Except for images, print the whole listing verbatim.

» Source data
◆ ◆ ◆
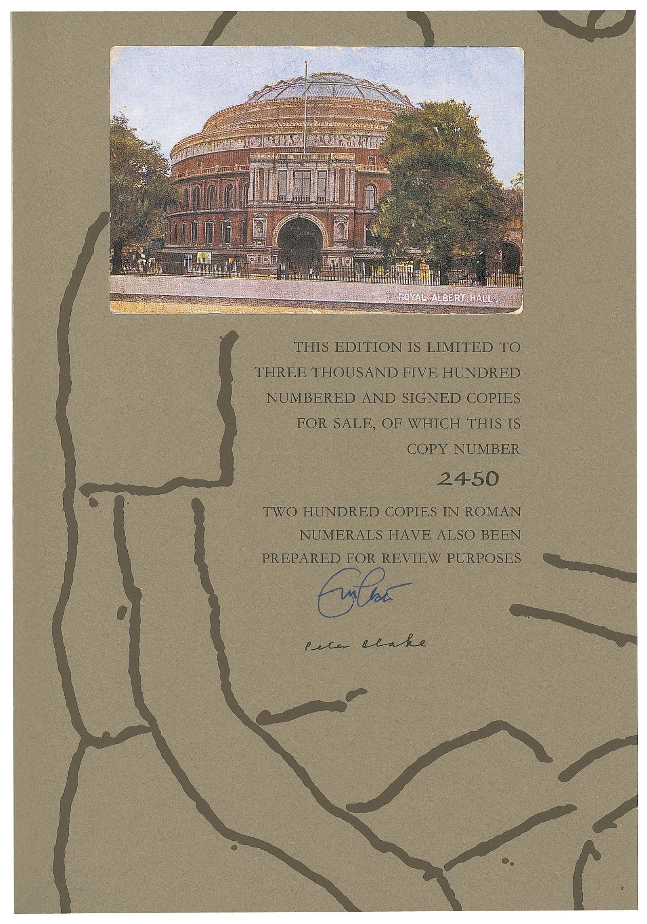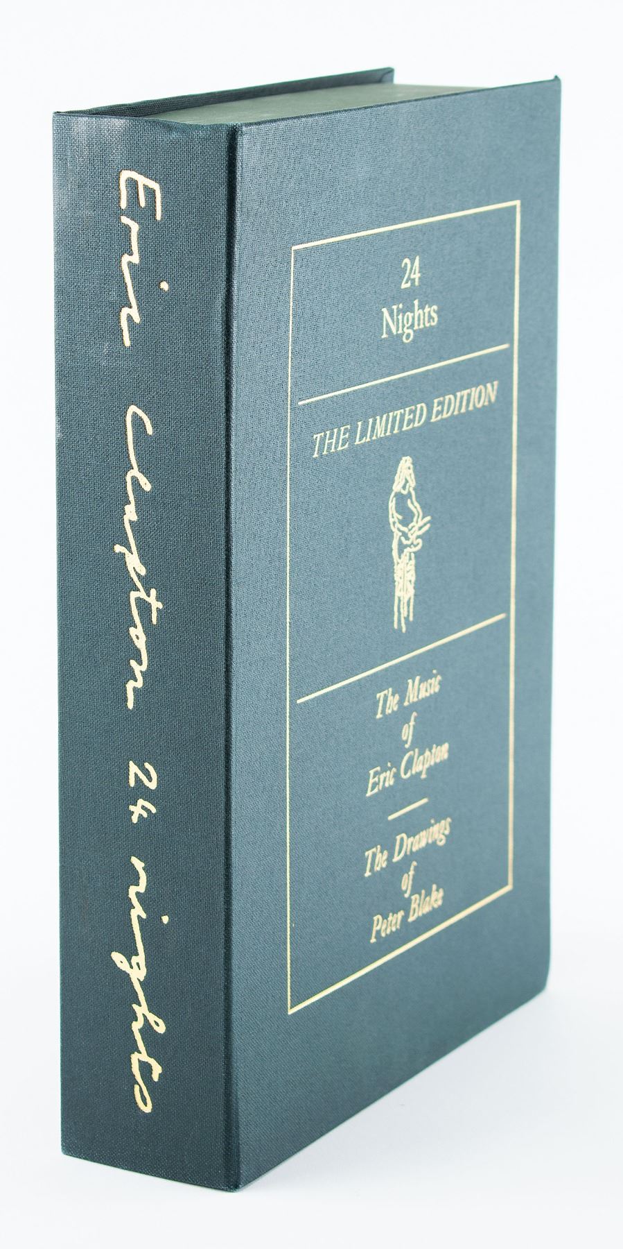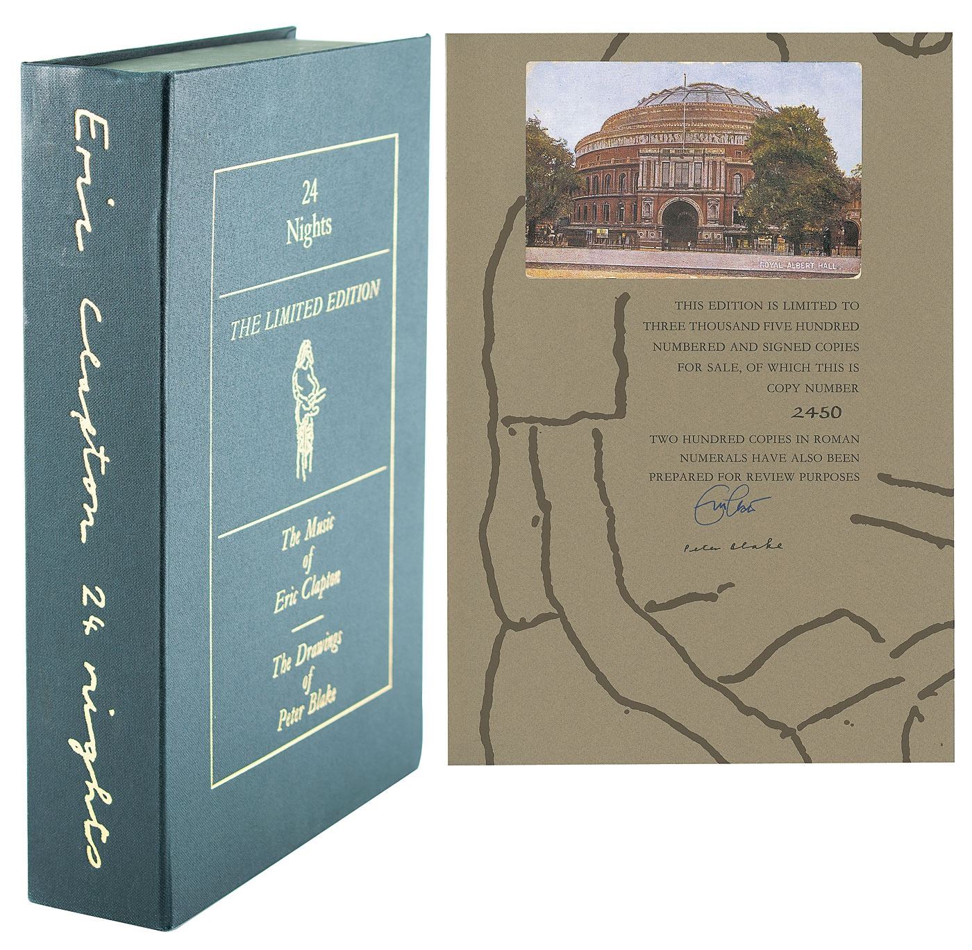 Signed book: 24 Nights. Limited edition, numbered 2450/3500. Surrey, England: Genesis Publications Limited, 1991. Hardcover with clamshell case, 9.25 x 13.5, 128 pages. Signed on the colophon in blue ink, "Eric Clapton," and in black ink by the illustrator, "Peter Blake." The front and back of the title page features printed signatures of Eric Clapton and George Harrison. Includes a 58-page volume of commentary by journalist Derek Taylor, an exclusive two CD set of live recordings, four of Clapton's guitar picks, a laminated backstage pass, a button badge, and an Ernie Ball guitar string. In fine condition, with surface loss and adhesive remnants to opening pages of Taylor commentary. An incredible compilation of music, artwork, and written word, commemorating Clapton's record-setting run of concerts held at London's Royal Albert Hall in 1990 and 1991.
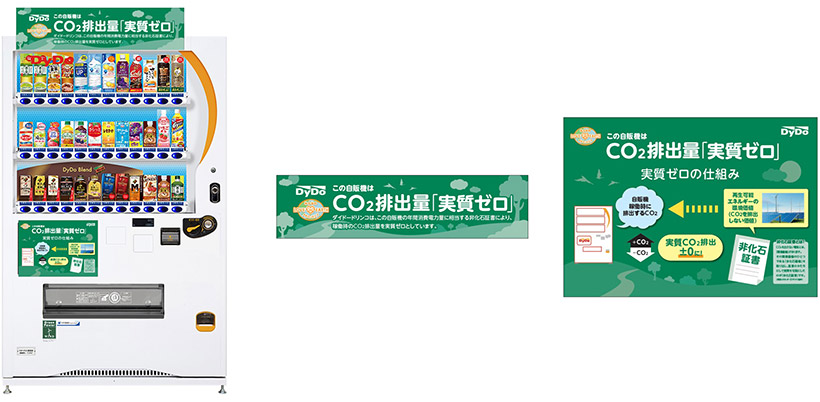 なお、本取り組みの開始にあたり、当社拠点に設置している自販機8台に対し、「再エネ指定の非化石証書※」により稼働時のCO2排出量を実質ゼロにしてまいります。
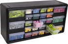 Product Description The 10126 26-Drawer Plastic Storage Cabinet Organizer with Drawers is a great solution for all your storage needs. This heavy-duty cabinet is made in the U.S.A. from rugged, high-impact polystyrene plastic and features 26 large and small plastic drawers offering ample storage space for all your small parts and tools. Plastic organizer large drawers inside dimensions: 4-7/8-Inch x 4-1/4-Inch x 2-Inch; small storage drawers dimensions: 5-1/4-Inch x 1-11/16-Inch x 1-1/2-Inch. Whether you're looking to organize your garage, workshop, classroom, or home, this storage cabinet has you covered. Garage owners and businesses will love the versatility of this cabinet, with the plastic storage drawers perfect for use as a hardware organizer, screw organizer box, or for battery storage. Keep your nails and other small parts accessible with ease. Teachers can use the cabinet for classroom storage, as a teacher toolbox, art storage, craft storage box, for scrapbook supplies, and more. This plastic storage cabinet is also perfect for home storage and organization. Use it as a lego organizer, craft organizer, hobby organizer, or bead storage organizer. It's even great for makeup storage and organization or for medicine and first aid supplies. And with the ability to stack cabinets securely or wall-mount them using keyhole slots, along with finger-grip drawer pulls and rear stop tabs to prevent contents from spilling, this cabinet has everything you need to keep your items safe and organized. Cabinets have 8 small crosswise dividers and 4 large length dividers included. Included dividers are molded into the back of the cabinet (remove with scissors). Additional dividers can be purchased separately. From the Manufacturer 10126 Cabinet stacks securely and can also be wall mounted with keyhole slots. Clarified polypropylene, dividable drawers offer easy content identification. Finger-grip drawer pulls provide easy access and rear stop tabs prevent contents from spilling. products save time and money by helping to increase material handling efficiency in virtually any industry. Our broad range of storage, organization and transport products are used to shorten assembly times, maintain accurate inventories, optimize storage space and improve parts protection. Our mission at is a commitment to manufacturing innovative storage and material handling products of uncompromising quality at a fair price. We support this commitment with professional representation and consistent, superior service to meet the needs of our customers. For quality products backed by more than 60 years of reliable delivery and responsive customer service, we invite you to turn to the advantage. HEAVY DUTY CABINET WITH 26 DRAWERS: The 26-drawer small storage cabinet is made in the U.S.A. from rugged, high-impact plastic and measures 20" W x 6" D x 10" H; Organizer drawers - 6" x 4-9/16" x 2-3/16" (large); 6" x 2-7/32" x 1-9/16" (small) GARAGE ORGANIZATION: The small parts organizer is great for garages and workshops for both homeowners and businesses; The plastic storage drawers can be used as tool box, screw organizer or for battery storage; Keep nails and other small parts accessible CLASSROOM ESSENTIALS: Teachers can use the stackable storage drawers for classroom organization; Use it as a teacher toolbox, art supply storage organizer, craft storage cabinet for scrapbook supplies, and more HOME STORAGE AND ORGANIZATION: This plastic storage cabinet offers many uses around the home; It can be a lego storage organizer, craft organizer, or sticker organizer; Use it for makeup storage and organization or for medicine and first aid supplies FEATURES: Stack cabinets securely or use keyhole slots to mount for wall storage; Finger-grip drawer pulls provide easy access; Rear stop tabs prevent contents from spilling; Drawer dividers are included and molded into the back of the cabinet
◆ ◆ ◆
» Solution to the exercise
 Signed book: 24 Nights. Limited edition, numbered 2450/3500. Surrey, England: Genesis Publications Limited, 1991. Hardcover with clamshell case, 9.25 x 13.5, 128 pages. Signed on the colophon in blue ink, "Eric Clapton," and in black ink by the illustrator, "Peter Blake." The front and back of the title page features printed signatures of Eric Clapton and George Harrison. Includes a 58-page volume of commentary by journalist Derek Taylor, an exclusive two CD set of live recordings, four of Clapton's guitar picks, a laminated backstage pass, a button badge, and an Ernie Ball guitar string. In fine condition, with surface loss and adhesive remnants to opening pages of Taylor commentary. An incredible compilation of music, artwork, and written word, commemorating Clapton's record-setting run of concerts held at London's Royal Albert Hall in 1990 and 1991.
 なお、本取り組みの開始にあたり、当社拠点に設置している自販機8台に対し、「再エネ指定の非化石証書※」により稼働時のCO2排出量を実質ゼロにしてまいります。
 Product Description The 10126 26-Drawer Plastic Storage Cabinet Organizer with Drawers is a great solution for all your storage needs. This heavy-duty cabinet is made in the U.S.A. from rugged, high-impact polystyrene plastic and features 26 large and small plastic drawers offering ample storage space for all your small parts and tools. Plastic organizer large drawers inside dimensions: 4-7/8-Inch x 4-1/4-Inch x 2-Inch; small storage drawers dimensions: 5-1/4-Inch x 1-11/16-Inch x 1-1/2-Inch. Whether you're looking to organize your garage, workshop, classroom, or home, this storage cabinet has you covered. Garage owners and businesses will love the versatility of this cabinet, with the plastic storage drawers perfect for use as a hardware organizer, screw organizer box, or for battery storage. Keep your nails and other small parts accessible with ease. Teachers can use the cabinet for classroom storage, as a teacher toolbox, art storage, craft storage box, for scrapbook supplies, and more. This plastic storage cabinet is also perfect for home storage and organization. Use it as a lego organizer, craft organizer, hobby organizer, or bead storage organizer. It's even great for makeup storage and organization or for medicine and first aid supplies. And with the ability to stack cabinets securely or wall-mount them using keyhole slots, along with finger-grip drawer pulls and rear stop tabs to prevent contents from spilling, this cabinet has everything you need to keep your items safe and organized. Cabinets have 8 small crosswise dividers and 4 large length dividers included. Included dividers are molded into the back of the cabinet (remove with scissors). Additional dividers can be purchased separately. From the Manufacturer 10126 Cabinet stacks securely and can also be wall mounted with keyhole slots. Clarified polypropylene, dividable drawers offer easy content identification. Finger-grip drawer pulls provide easy access and rear stop tabs prevent contents from spilling. products save time and money by helping to increase material handling efficiency in virtually any industry. Our broad range of storage, organization and transport products are used to shorten assembly times, maintain accurate inventories, optimize storage space and improve parts protection. Our mission at is a commitment to manufacturing innovative storage and material handling products of uncompromising quality at a fair price. We support this commitment with professional representation and consistent, superior service to meet the needs of our customers. For quality products backed by more than 60 years of reliable delivery and responsive customer service, we invite you to turn to the advantage. HEAVY DUTY CABINET WITH 26 DRAWERS: The 26-drawer small storage cabinet is made in the U.S.A. from rugged, high-impact plastic and measures 20" W x 6" D x 10" H; Organizer drawers - 6" x 4-9/16" x 2-3/16" (large); 6" x 2-7/32" x 1-9/16" (small) GARAGE ORGANIZATION: The small parts organizer is great for garages and workshops for both homeowners and businesses; The plastic storage drawers can be used as tool box, screw organizer or for battery storage; Keep nails and other small parts accessible CLASSROOM ESSENTIALS: Teachers can use the stackable storage drawers for classroom organization; Use it as a teacher toolbox, art supply storage organizer, craft storage cabinet for scrapbook supplies, and more HOME STORAGE AND ORGANIZATION: This plastic storage cabinet offers many uses around the home; It can be a lego storage organizer, craft organizer, or sticker organizer; Use it for makeup storage and organization or for medicine and first aid supplies FEATURES: Stack cabinets securely or use keyhole slots to mount for wall storage; Finger-grip drawer pulls provide easy access; Rear stop tabs prevent contents from spilling; Drawer dividers are included and molded into the back of the cabinet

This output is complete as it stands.